Conversation
This comment was marked as resolved.
This comment was marked as resolved.
|
r? @thomcc (rust-highfive has picked a reviewer for you, use r? to override) |
|
This regresses the When looking into this I noticed that |
|
Thanks, @timvermeulen, I'll look at that one. I've sent PR #100220 to fix @rustbot author Update 2022-08-24: I've rebased atop the other PR, but still not investigated that perf test, so it's not really review-ready yet. |
…riplett Properly forward `ByRefSized::fold` to the inner iterator cc `@timvermeulen,` who noticed this mistake in rust-lang#100214 (comment)
…riplett Properly forward `ByRefSized::fold` to the inner iterator cc ``@timvermeulen,`` who noticed this mistake in rust-lang#100214 (comment)
…riplett Properly forward `ByRefSized::fold` to the inner iterator cc ```@timvermeulen,``` who noticed this mistake in rust-lang#100214 (comment)
…riplett Properly forward `ByRefSized::fold` to the inner iterator cc ``@timvermeulen,`` who noticed this mistake in rust-lang#100214 (comment)
84f0eaf to
14e0e7b
Compare
Properly forward `ByRefSized::fold` to the inner iterator cc ``@timvermeulen,`` who noticed this mistake in rust-lang/rust#100214 (comment)
14e0e7b to
c08ec39
Compare
This comment has been minimized.
This comment has been minimized.
4104932 to
c43b960
Compare
|
@timvermeulen My mistake turned out to be an obvious one: I'd forgotten to inline some methods, and because it's a non-generic type that meant the benches ended up needing to I now get exactly the same inner loop for that .LBB0_5:
mov edx, dword ptr [rbx + rcx]
rol edx, 8
bswap edx
mov dword ptr [rax + rcx], edx
add rcx, 4
cmp rdi, rcx
jne .LBB0_5@rustbot ready |
|
@bors try @rust-timer queue |
|
Awaiting bors try build completion. @rustbot label: +S-waiting-on-perf |
|
@rustbot author |
`.into_iter()` on arrays was slower than it needed to be (especially compared to slice iterator) since it uses `Range<usize>`, which needs to handle degenerate ranges like `10..4`. This PR adds an internal `IndexRange` type that's like `Range<usize>` but with a safety invariant that means it doesn't need to worry about those cases -- it only handles `start <= end` -- and thus can give LLVM more information to optimize better. I added one simple demonstration of the improvement as a codegen test.
fb3a7d8 to
6dbd9a2
Compare
|
Oh, it's failing on the UB trap check. I've ignored the codegen test for debug, since it's a @bors r=thomcc |
|
⌛ Testing commit 6dbd9a2 with merge da70c0543ba1f77142453c5c82e0a1c1e4e327d3... |
|
⌛ Testing commit 6dbd9a2 with merge ebbb1c6a0f71f7a95483d2fef3bed8c804b21cbe... |
|
💔 Test failed - checks-actions |
|
Looks like the retry didn't put it back in the queue right? I'll try it again. @bors retry |
|
☀️ Test successful - checks-actions |
|
Finished benchmarking commit (4ecfdfa): comparison URL. Overall result: ✅ improvements - no action needed@rustbot label: -perf-regression Instruction countThis is a highly reliable metric that was used to determine the overall result at the top of this comment.
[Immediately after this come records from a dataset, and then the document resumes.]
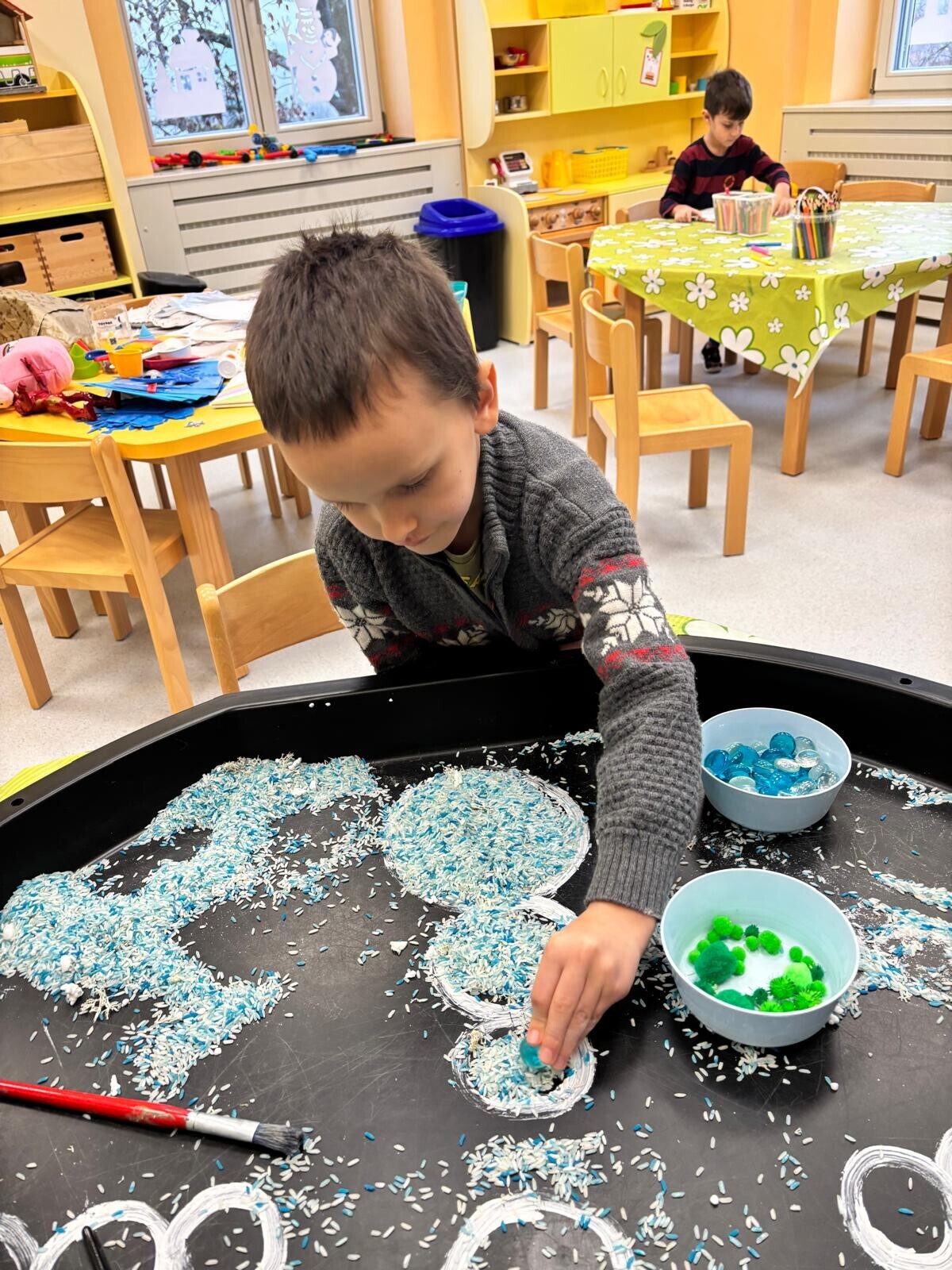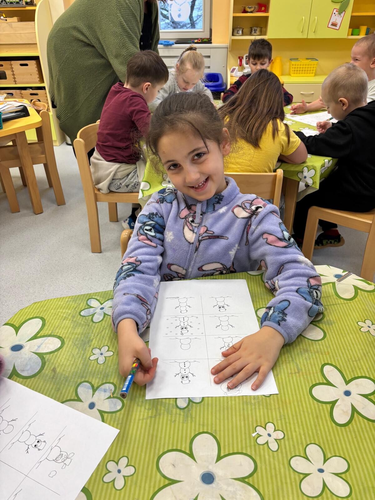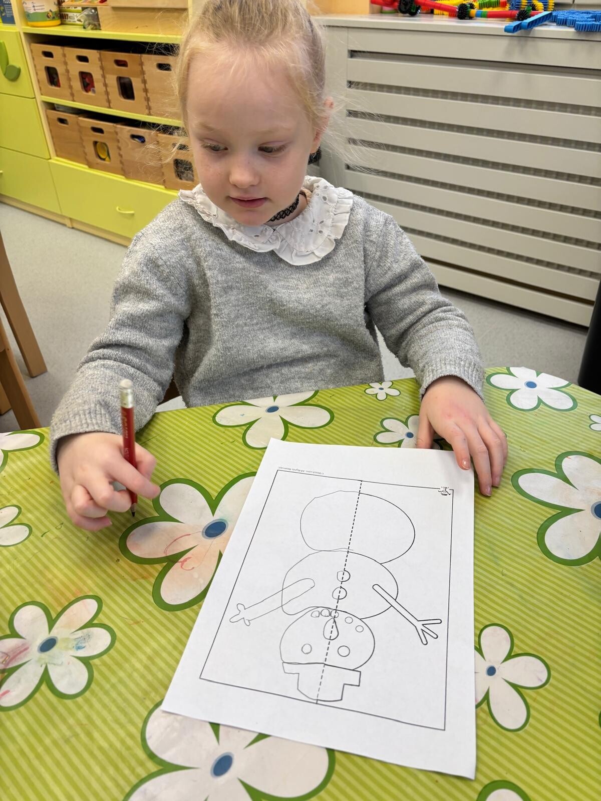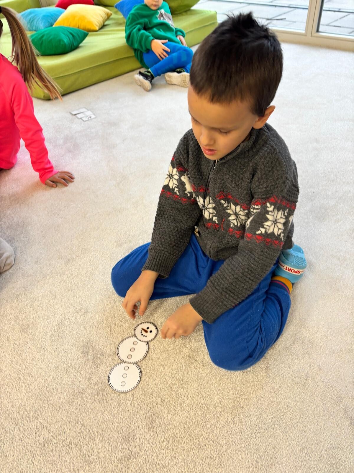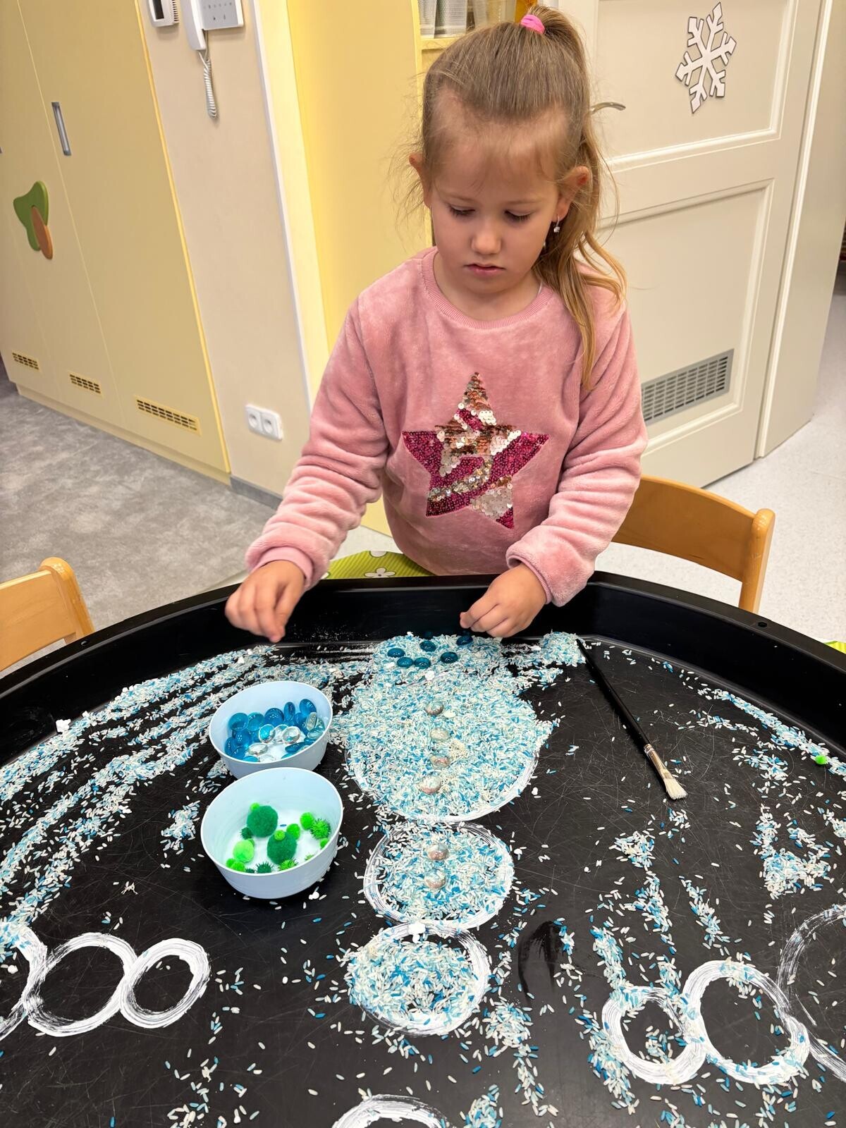 Tento týden si děti povídaly o tom, jaká máme roční období a proč se vlastně střídají. Dozvěděly se něco málo o rotaci Zeměkoule kolem Slunce a na planetu Zemi si i zahrály. Procvičily si osovou souměrnost, dech nebo i geometrické tvary, při navlékání korálků pak třeba jemnou motoriku. Pomocí obtisku pak namalovaly krásné sněhuláky. Naučily se i básničku a písničku k danému tématu.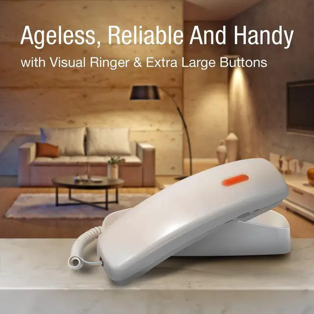 TRIMLINE 213 Corded Phone with Extra Big Buttons - Senior Friendly White Landline Phone, Visual Ringer, Lighted Keypad, Wall Mount, No AC Power Needed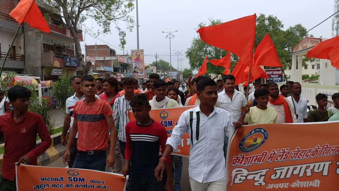 कौशाम्बी। चायल तहसील में कई हिंदुओं की जमीन में लगातार वर्ग विशेष के लोगों द्वारा कब्जा किया जा रहा है। इन कब्जों में चायल उप जिलाधिकारी की मिली भगत का आरोप लगाते हुए हिंदू जागरण मंच के सैकड़ों कार्यकर्ताओं ने मंझनपुर चौराहे से निकल कर जिला कलेक्टर कार्यालय तक मार्च किया। इस दौरान कार्यकर्ताओं ने एसडीएम चायल राहुल भट्ट मुर्दाबाद के नारे भी लगाए।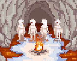 A pixel-art scene with a Skull Cave in a Desert Mountain and several animations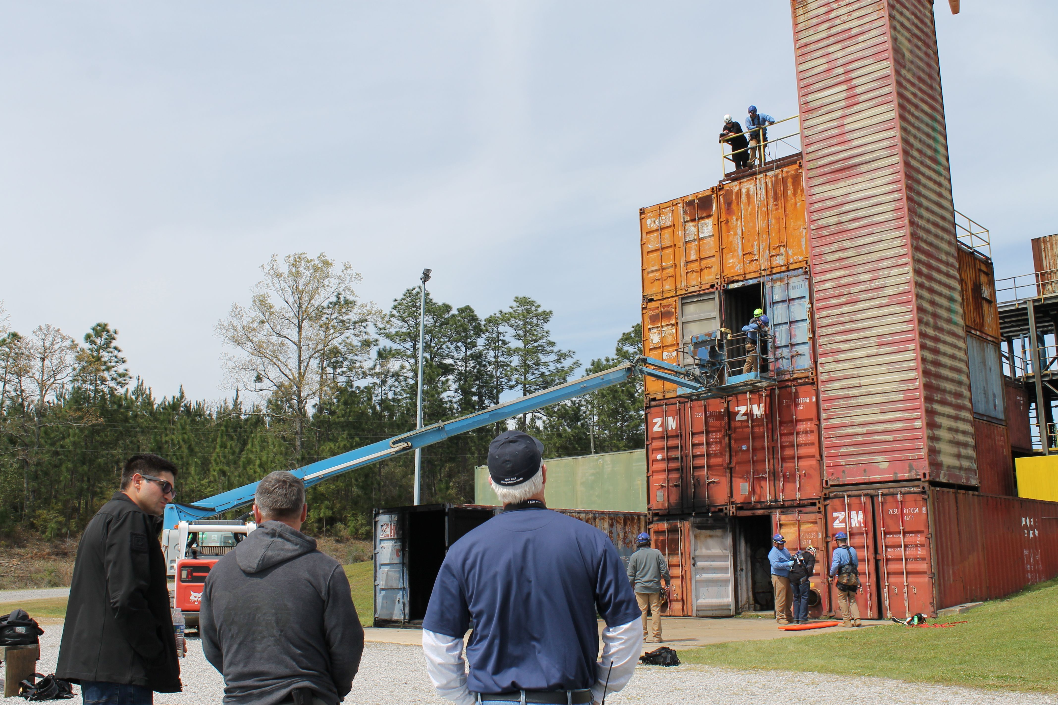 The high-angle event tests teams skills in a simulated scenario.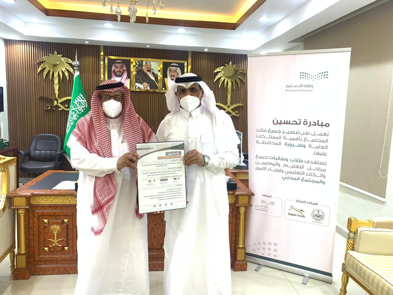 دشن محافظ شرورة موفق بن عبدالهادي العنزي اليوم الأثنين بمكتبه بالمحافظة انطلاق مبادرة تعليم شرورة لمعالجة التشوه البصري تحت عنوان " تحسين " بحضور مدير إدارة تعليم شرورة الدكتور فايز بن علي الأسمري.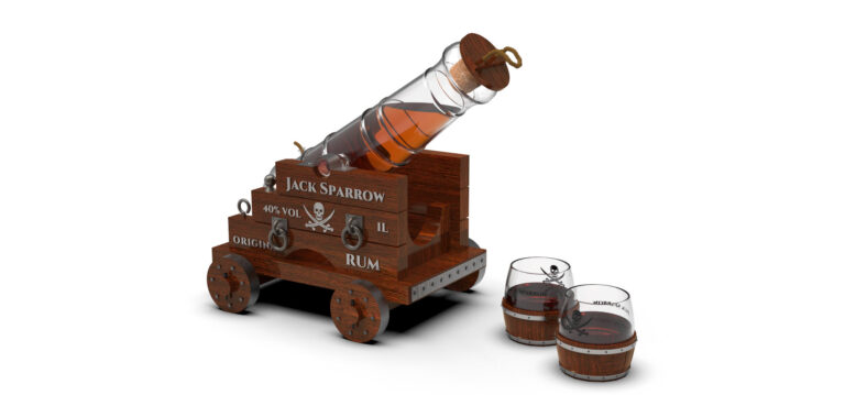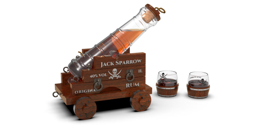 Jack Sparrow Original Rum Concept is inspired from the Movie Sequels “Pirates of The Caribbean”, The design looks very simple yet it took lot of work to make it dynamically realistic. From calculating the volume of liquid (rum) in the canon, to finding the right pivot point to hold it without freely flipping and be able to tilt the bottle and empty it without tilting the cart or cradle.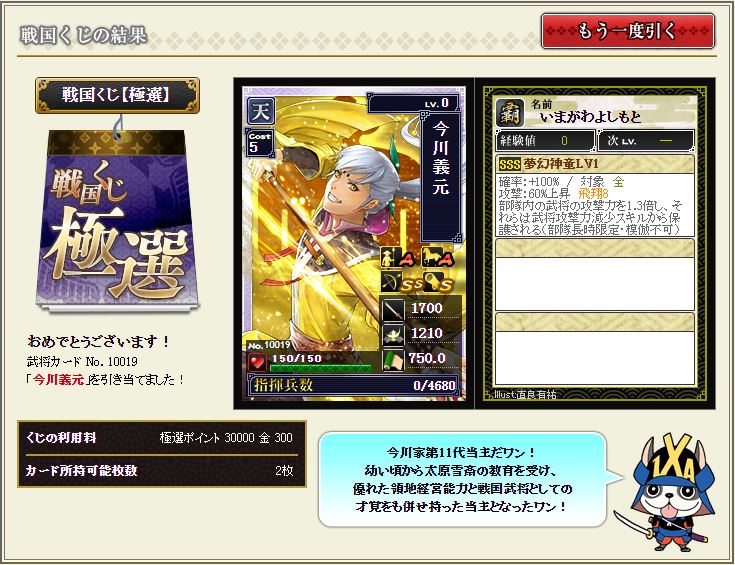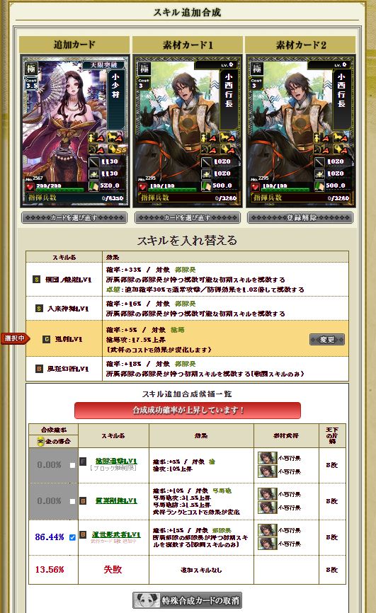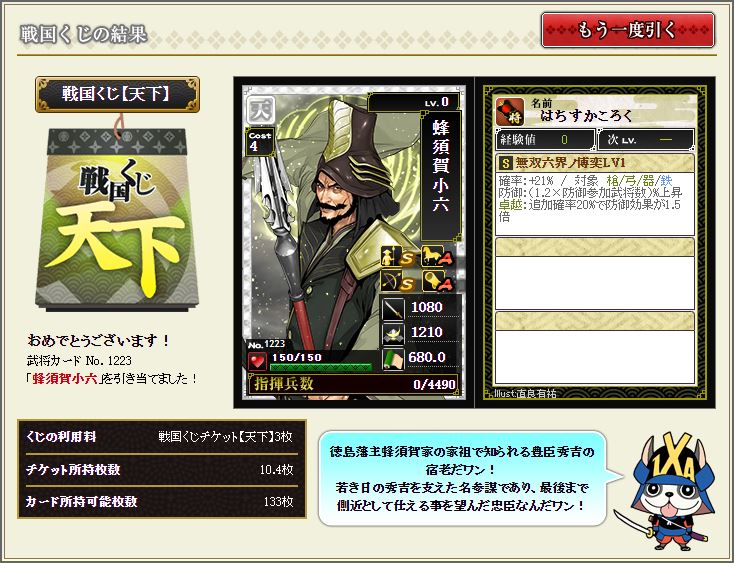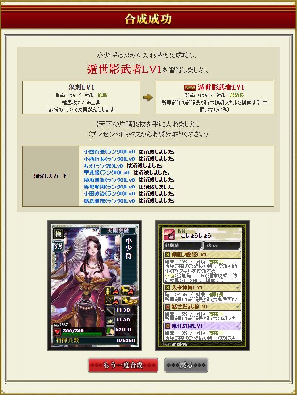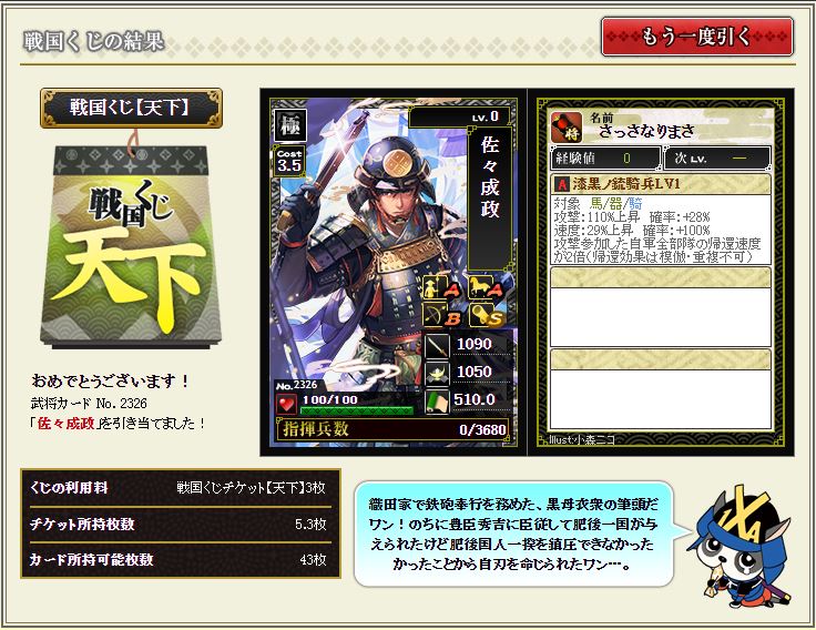 戦国くじ【記念】で引いた小少将にはマネを付けていく。

Max RSS (memory usage)ResultsThis is a less reliable metric that may be of interest but was not used to determine the overall result at the top of this comment.
CyclesResultsThis is a less reliable metric that may be of interest but was not used to determine the overall result at the top of this comment.
Footnotes |
|
Huh, interesting that the post-merge perf run is so different (thankfully better!) from the original: #100214 (comment) |
.into_iter()on arrays was slower than it needed to be (especially compared to slice iterator) since it usesRange<usize>, which needs to handle degenerate ranges like10..4.This PR adds an internal
IndexRangetype that's likeRange<usize>but with a safety invariant that means it doesn't need to worry about those cases -- it only handlesstart <= end-- and thus can give LLVM more information to optimize better.I added one simple demonstration of the improvement as a codegen test.
(
vec::IntoIteruses pointers instead of indexes, so doesn't have this problem, but that only works because its elements are boxed.array::IntoItercan't use pointers because that would keep it from being movable.)